Monday, June 10, 2013

Great American Public Servant - Judge Alex Kozinski


"Those of you who've had the good fortune to be born in the United States simply have not known the absence of freedoms..."

- Judge Alex Kozinski, Chief Judge of the U.S Court of Appeals for the Ninth Circuit

It's always a good exercise to listen to and celebrate faithful public servants who remind us of the importance of our Constitution, and the importance of our liberties.  Judge Kozinski's story is particularly interesting, as he grew up in a time when political dissidents from other countries left to escape their governments, and to seek asylum in America.  This is in striking contrast to the news today, where an American citizen has left America to escape the American government, and is seeking asylum in a foreign country.  The experiences of this great American federal judge are very relevant to America today, and he shares his views on our Constitution and the Fourth Amendment and surveillance and privacy, after about twenty minutes into the video interview above.

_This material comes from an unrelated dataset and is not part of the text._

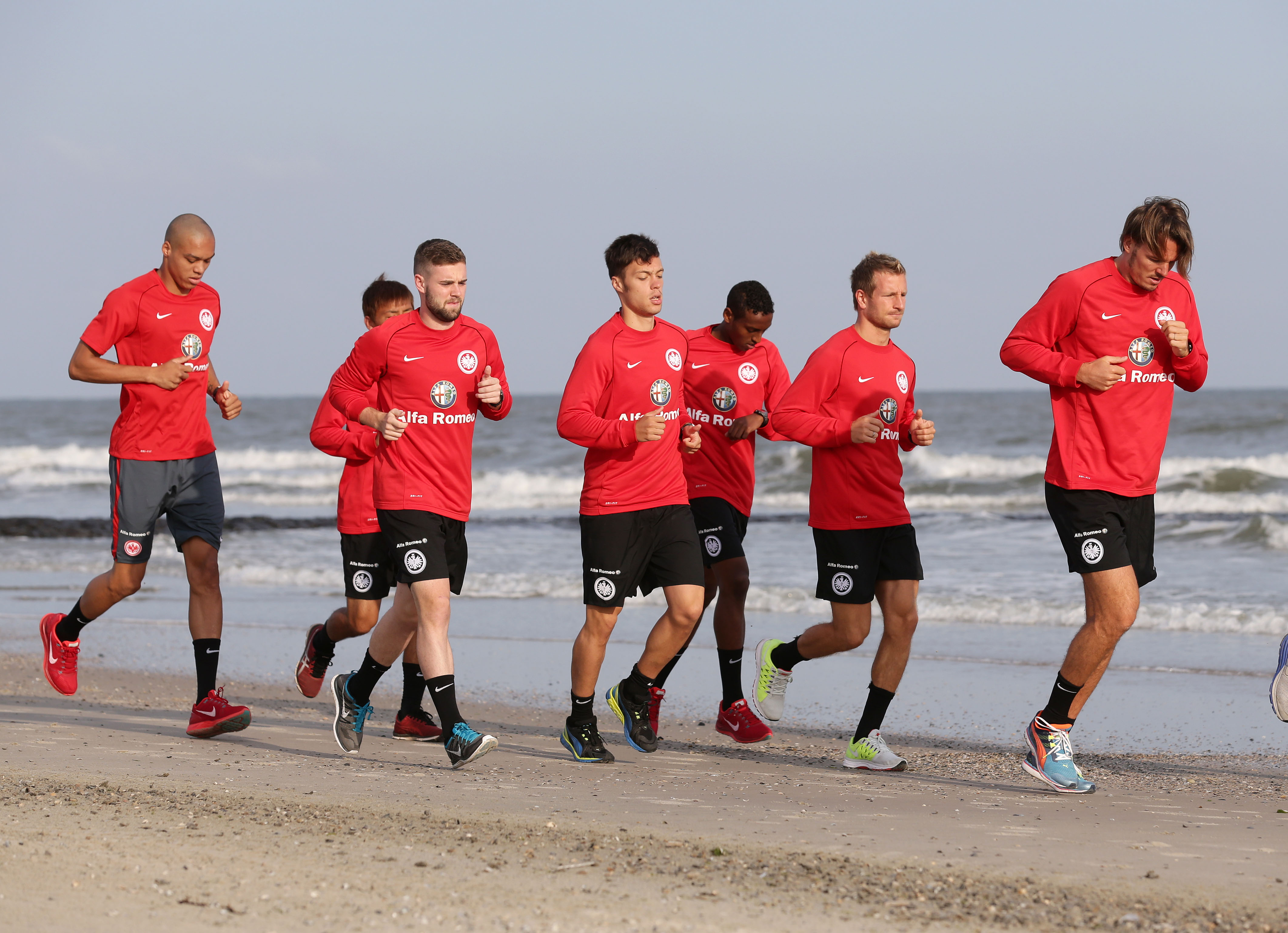 Nachdem unsere Adler gestern mit insgesamt sechs Kleinflugzeugen sicher auf der Insel Norderney angekommen sind, fanden heute und gestern Nachmittag bereits die ersten Trainingseinheiten statt. Der Tagesplan sah gem. fr-online wie folgt aus: Pünktlich um 7:00 Uhr wurden unsere Jungs geweckt, damit es gegen 7:15 Uhr mit dem Fahrrad zum Strand ging. Dort angekommen stand zuerst ein langer Morgenlauf durch die Dünen und Strandabschnitte der Insel an. Gegen 11:00 Uhr fand dann die erste Trainingseinheit auf dem Sportplatz statt. Anschließend gab es gegen 13:30 Uhr das Mittagessen, das mit einer folgenden Ruhepause abgeschlossen wurde. Gegen 17:00 Uhr wird dann zur zweiten Trainingseinheit gebeten. Und das alles bei bisher sehr angenehmen 18-19 Grad, kleineren Wolken und frischem Wind. Übrigens, wem das Schwitzen zu stark wird, der kann bei frischen 18,5 Grad in der Nordsee seine Abkühlung finden. Insgesamt sind die Trainingsbedingungen optimal. Einer guten Vorbereitung scheint nichts mehr im Wege zu stehen.
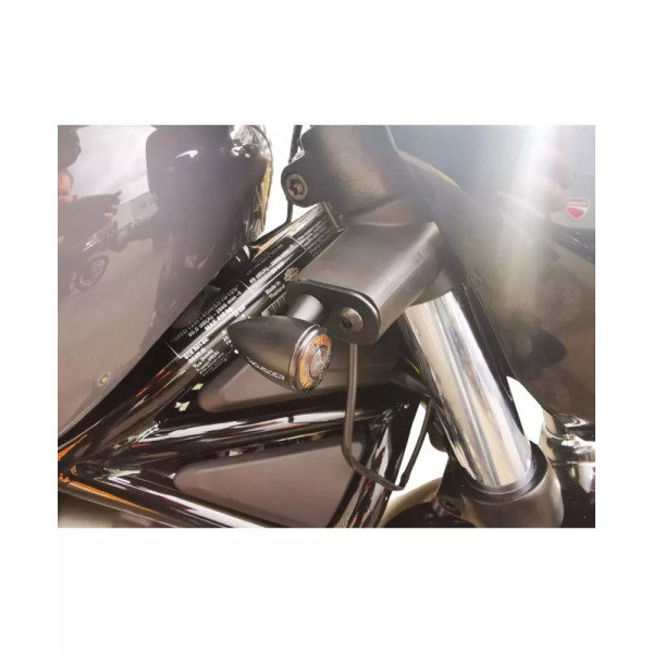 Les supports de clignotants pour Harley-Davidson sont usinés dans la masse. En acier d'épaisseur 2.millimètres, ils sont revêtus d'une peinture époxy noire mat. Le diamètre du trou est de 8,5 millimètres et vous permettra de mettre tous les styles de clignotants à tige.

The bio presented on the YouTube video introduces the judge:
Born in 1950 to Holocaust survivors, Kozinski grew up as a committed communist in Bucharest, Romania. On his first trip outside of the Iron Curtain, in Vienna, Austria, he experienced forbidden luxuries like bubble gum and bananas. It was his first taste of freedom, and it caused him to become, in his words, "an instant capitalist."

Today, Kozinski is responsible for some of the most influential - and controversial - legal decisions in the United States. Kozinski's rulings have challenged the Obama administration over the issue of same-sex marriage. In a case that tested the limits of parody and artistic expression, he has weighed in on whether a Barbie doll qualifies as a sex object. In one of the most influential dissents in recent memory, he caused federal prosecutors to drop all charges against a defendant who'd been convicted of smuggling of illegal immigrants across the U.S.-Mexican border.

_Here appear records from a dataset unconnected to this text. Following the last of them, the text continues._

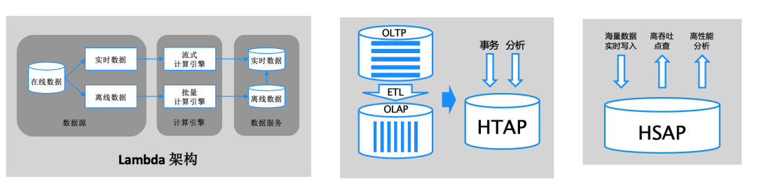 OLTP 作为面向在线交易的场景,往往具有短事务和小数据量的特点,专注于事务处理的并发性和快速性。与 OLTP 对应的是 OLAP,面向数据分析和决策支持的场景,往往涉及大量数据的分析,专注于查询的复杂性。然而,现代 OLTP 往往会有数据分析的需求,基于事务数据实时提供分析视图,因此数据分析能力也是一种应用敏捷性。典型的数据分析流派有 Lambda、HTAP、HSAP,代表了若干着不同的设计理念。
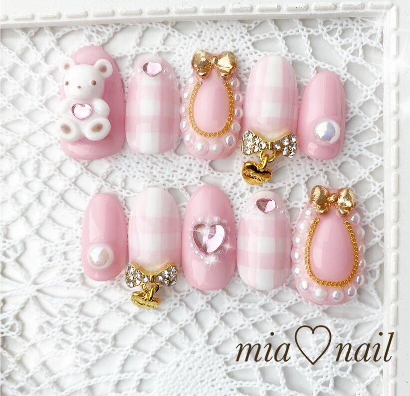 ゆめかわいい〜クマさんとゴールドリボンネイル
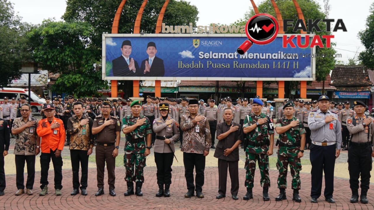 SRAGEN, JATENG – Untuk memastikan pelaksanaan ibadah puasa Ramadhan 1447 H/2026 M berjalan aman dan khusyuk, Polres Sragen menggelar Apel Siaga Kamtibmas di Alun-Alun Sasono Langen Putro, Jumat (27/2/2026) sore.

Kozinski sat down with Reason editor-in-chief Matt Welch during Reason Weekend in Las Vegas for a wide-ranging discussion about freedom and the law. How do mobile phones and cloud computing affect our right to privacy? Why do judges interpret the commerce clause of the U.S. Constitution so broadly? What's wrong with the practice of jury nullification?

Kozinski, a self-described libertarian, answers these questions, and many others, with the insight and wry humor that comes from decades of experience on the bench - and a childhood under communism.